This edition contains the following articles:
- What to Look Forward to in NDSR 2021
- NCC Supporting Use of NDSR Internationally
- April NDSR Training on Zoom
What to Look Forward to in NDSR 2021
The NCC database group works year-round to maintain the NCC Food and Nutrient Database for use with the NDSR software. While many food updates and improvements may go unnoticed, this work is vital to keeping the database up-to-date and providing you the best nutrient data available. Nutrition Facts and ingredient information are gathered for each brand name product and used to review and update densities, food specific units, food grouping, and many other important pieces of information. A complete nutrient profile is created using the nutrients and ingredients. While you may notice front end changes in NDSR like the addition of new foods and variable ingredients, most of the database information updated annually will be found in your nutrient output.
For NDSR 2021, we have updated commercial entrees (Kid Cuisine, Lean Cuisine, Pillsbury, and Weight Watchers (now WW)), fast foods (Dairy Queen, Domino’s, McDonald’s, Pizza Hut, and Panda Express), and focused on the following brand name categories:
Ice Cream – Users will find close to 900 brand name ice creams in the NDSR 2021 database. New product lines for ice creams include Halo Top, Hood, Izzy’s, Lactaid, Magnum, Mayfield, Prairie Farms, Tillamook, Turkey Hill, and Umpqua. Also updated were the generic sections for gelato, frozen custard, Dippin’ Dots, sherbert, and sorbet. In the process of updating ice creams, we noticed there are now fewer low fat or nonfat varieties.
Frozen Yogurt – In gathering product information for updating frozen yogurts, we discovered that many companies have discontinued these products, very few contain non-nutritive sweeteners, and most flavors have extra ingredients added like nuts or chocolate chips. In response to these marketplace changes branded frozen yogurts have been removed. Still included in NDSR 2021 are a variety of generic frozen yogurt options, such as chocolate or coffee flavors premium (>5% fat) and vanilla or other flavors nonfat (<1% fat) and no sugar added.

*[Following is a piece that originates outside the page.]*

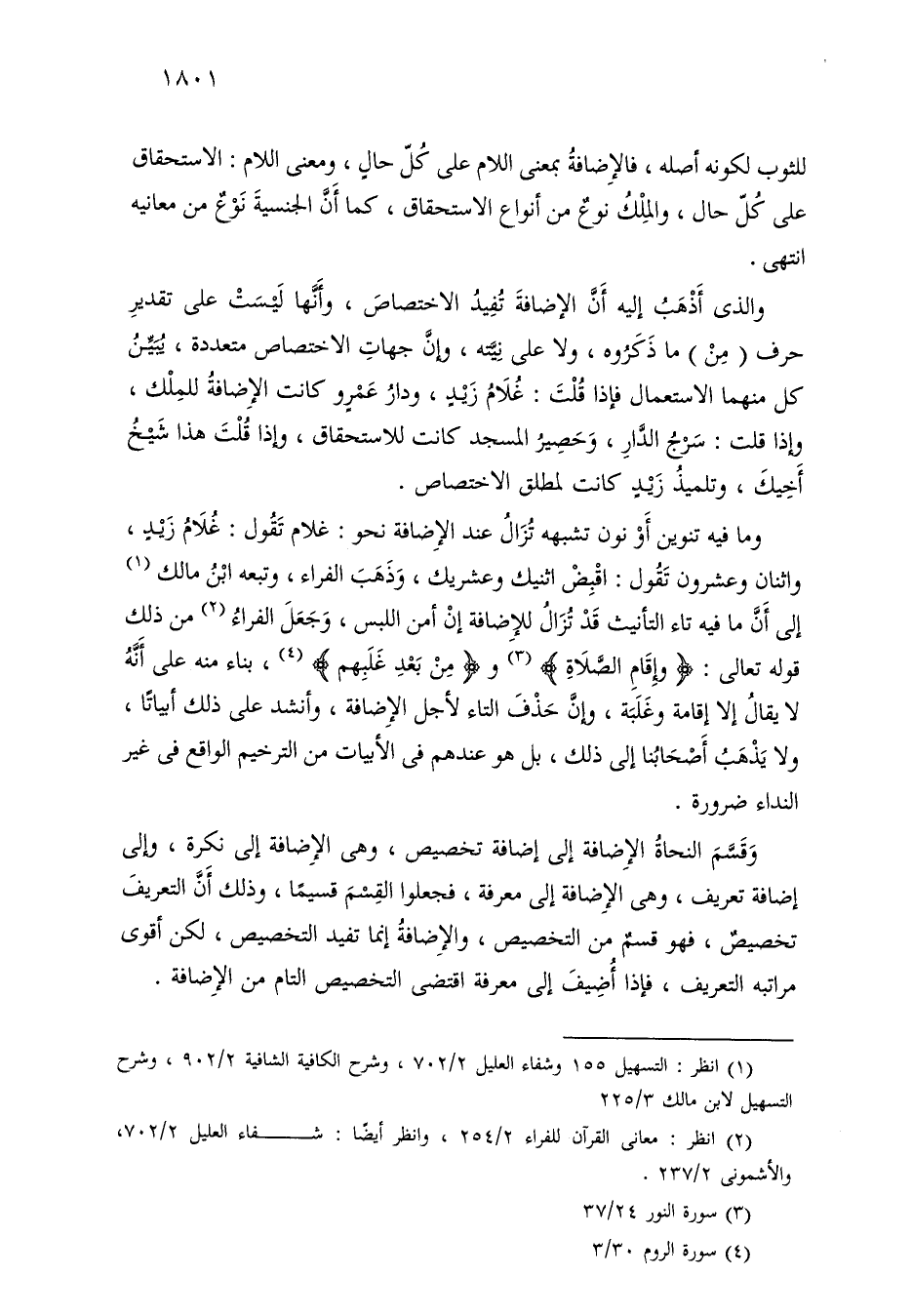 والذي أذهب إليه أن الإضافة تفيد الاختصاص، وأنها ليست على تقدير حرف (من) ما ذكروه، ولا على نيته، وإن جهات الاختصاص متعددة، يبين كل منهما الاستعمال فإذا قلت: غلام زيد، ودار عمرو كانت الإضافة للملك، وإذا قلت: سرج الدار، وحصير المسجد كانت للاستحقاق، وإذا قلت هذا شيخ أخيك، وتلميذ زيد كانت لمطلق الاختصاص.

Margarines – With implementation of the FDA mandate that food products no longer contain partially hydrogenated oils, margarines in the marketplace are now trans-fat free. To achieve this goal, many margarines are now comprised of different blends of oils than in the past, which has necessitated the addition of about 85 new generic margarine options in NDSR in addition to updates to the brand name margarines. New margarine product lines added to the 2021 database include: Earth Balance, Imperial, Olivio, and Pure Blends. Users will find more than 90 brand name margarines in the NDSR 2021 database.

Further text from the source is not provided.